After banning 3 esports coaches at the beginning of September, the Esports Integrity Commission (ESIC) rolled out an update of its investigation over a recent bug exploit in Counter-Strike: Global Offensive (CS:GO). The Commission now suspended 34 more coaches who were caught taking advantage of the exploit.

To date, the probe has gone through only about 20% of the available evidence. The sanctions, which vary between 5- to 36-month competitive ban, were imposed on the offenders, who were found to have exploited bug allowing CS:GO coaches to place an in-game camera that could be used to get the location and movement of players’ opponents in real-time. The sanctions are to take effect only for the tournament organizers, who have inked a partnership agreement with the ESIC, under which the Commission has the right to make such rulings.

The investigation was launched by the Esports Integrity Commission on September 4th, after information emerged that some tournament participants had exploited a bug in CS:GO. The probe was focused on detecting wrongful use of the so-called free camera feature by teams and coaches, who took part in tournaments back as far as 2016.

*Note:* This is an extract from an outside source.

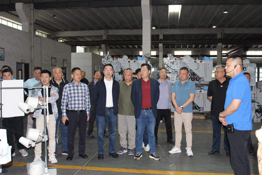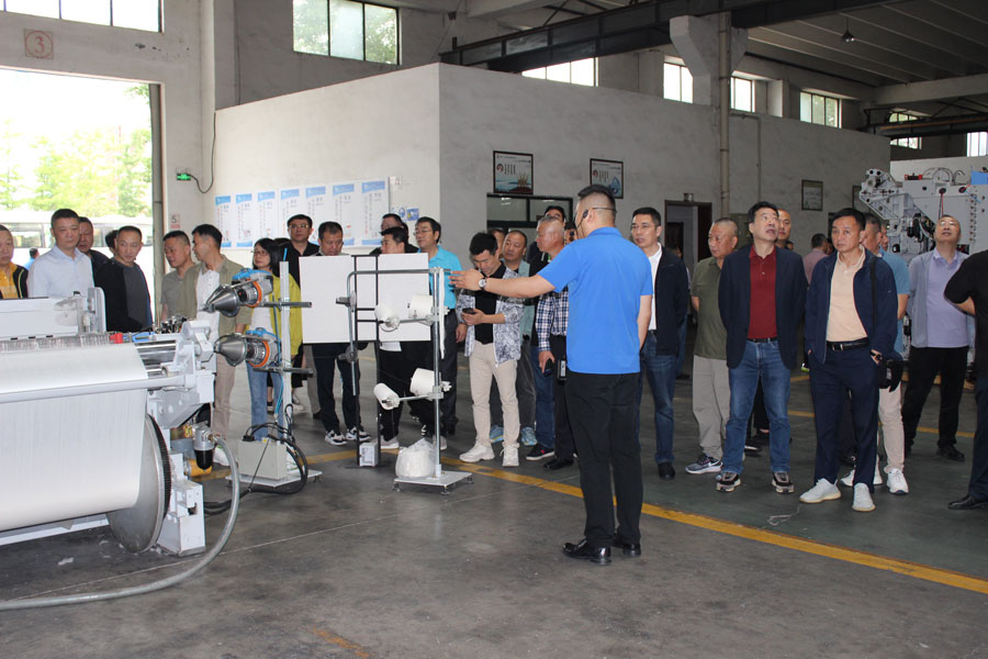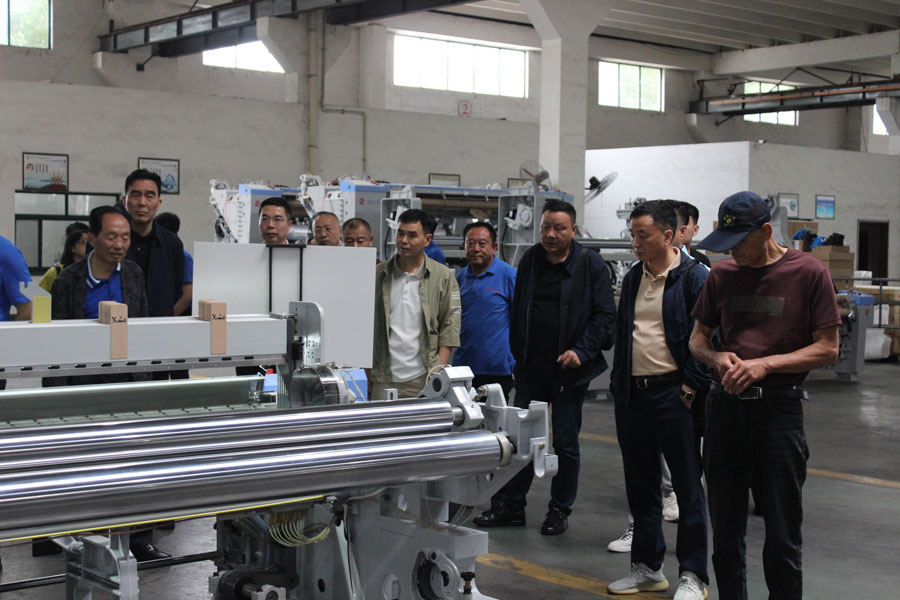 同時,來賓詳細參觀了天一紅旗紡機產(chǎn)品,尤其是自主創(chuàng)新研發(fā)的產(chǎn)品HQF001共軛凸輪打緯噴氣織機、噴水織機給予了高度認可。在李總的詳細講解下,商會一行深入生產(chǎn)一線,了解天一紅旗產(chǎn)品管控及質(zhì)量標準,對精準管理和高效產(chǎn)能給予成分肯定。

After it already suspended three coaches for using the exploit, the ESIC now revealed the first update from the ongoing investigation, confirming that so far it has reviewed approximately 20% of the total available demos. The evidence database was provided by the Esports Entertainment Association (ESEA) and Half-Life TV (HLTV) and includes about 15.2 TB of data, or 99,650 demos. As the Esports Commission revealed yesterday, only 0.1% of the overall number of demos available for the investigation has so far returned a positive indication of exploitation of the Spectator Bug.

Three Coaches Got Banned by the ESIC at the Beginning of September

According to the information that has so far been revealed by the ESIC, the so-called spectator bug was previously referred to organizers of non-ESIC member tournaments in 2017. Furthermore, the Commission was not able to confirm whether the teams related to the offending parties were involved in the exploitation of the bug with someone else at the time when the offenses took place.

The ESIC projected that it will only have to issue one more report at the end of October, which is set to finalize the investigation of the participants’ abuse of the Spectator Bug.

The professional bans received by the coaches as a penalty came after the Commission analyzed the duration and frequency of each abuse in order to issue the appropriate and proportionate sanctions for the offenders. The ESIC also confirmed that the penalties of the three coaches, who got banned at the beginning of September, were amended based on additional evidence uncovered during the investigation.

After unveiling the sanctions that were imposed on the 37 coaches who were proved to have taken advantage of the bug, the Commission also called for the organizers of esports tournaments who are not members of the ESIC to uphold sanctions saying that the regulator is open to any dialogues with these tournament organizers so that they keep the competitive integrity for CS:GO.